I use LastPass myself, however KeePass is equally good (as in protection).
LastPass is easier to use it you want to use it to login to sites. If you don't want to do that, then KeePass would be good.
You will need to keep a backup of KeePass somewhere (in case your computers crashes).
You will not have to do that with LastPass (An encrypted copy will be stored on a LastPass server).
LassPass does not
have a copy of your LastPass key.
In both cases, if you forget your password then you are done. !!Warning!!
You could reset your password with LastPass, however I suggest you to turn that option off.
If you decided LastPass, then post again and I will instruct you how to turn that option off.

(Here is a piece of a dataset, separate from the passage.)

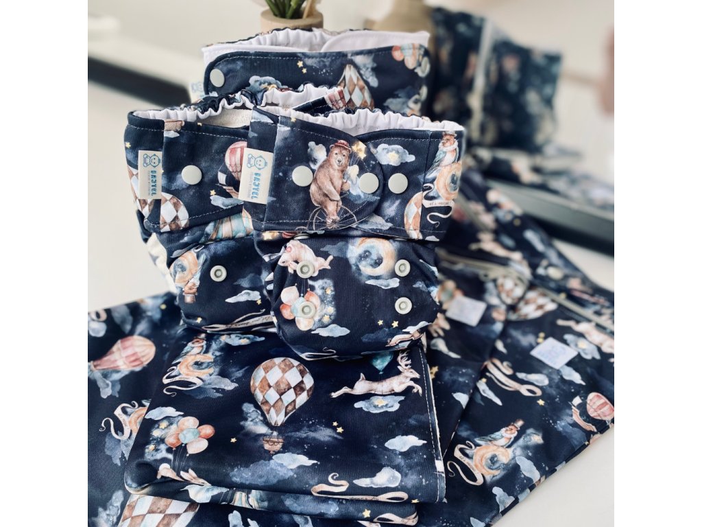 V našem sortimentu můžete prozatím nalézt od firmy Bajtel látkové pleny - svrchní kalhotky, plenky AIO v různých velikostech (s klasickým zapínáním vpředu na patentky a s bočním zapínáním "side-snap"), vkládací plenky s evolonem, opakovaně použitelné pratelné přebalovací podložky, PUL pytlíky na pleny či jiné dětské věci a dětské bryndáčky.

(2) Then use your password (the one you devised earlier) as your main password for Lastpass or KeePass. Then within LastPass or KeePass, you could store your other passwords.
Here is an example of what one of those stored passwords could look like: 2v&u&@wutxazC3%s&C@vhq^tykqa%WN8YAc!nh69JT6pTc2bSyqzgd$4GnKaaFK2cG4T3@vaHFWT3J*6QP4s*pTVcu*CaKtaf8uj
I used LastPass's Password Generator to come up with that. KeePass also has a Password Generator.

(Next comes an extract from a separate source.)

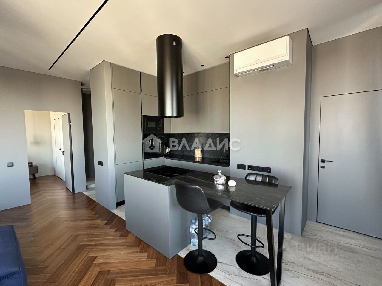 Квартира находится на 11 этаже 20-этажного кирпично-монолитного дома, построенного в 2022 году. Общая площадь — 70 кв. м, жилая — 38 кв. м, площадь кухни — 25 кв. м. Высота потолков — 3 метра, что создаёт ощущение простора и свободы.

I also advise you to check out: https://www.grc.com/haystack.htm
to get an ideal how long it could take to bruteforce your password.
Assuming you use Raiders5355RedburgEunice : 33.64 million trillion centuries
Please read the whole page
, it will open up your eyes. From that site:
"...The #1 most commonly used password is “123456”, and the 4th most common is “Password.” So any password attacker and cracker would try those two passwords immediately. Yet the Search Space Calculator above shows the time to search for those two passwords online (assuming a very fast online rate of 1,000 guesses per second) as 18.52 minutes and 17.33 centuries respectively! If “123456” is the first password that's guessed, that wouldn't take 18.52 minutes. And no password cracker would wait 17.33 centuries before checking to see whether “Password” is the magic phrase..."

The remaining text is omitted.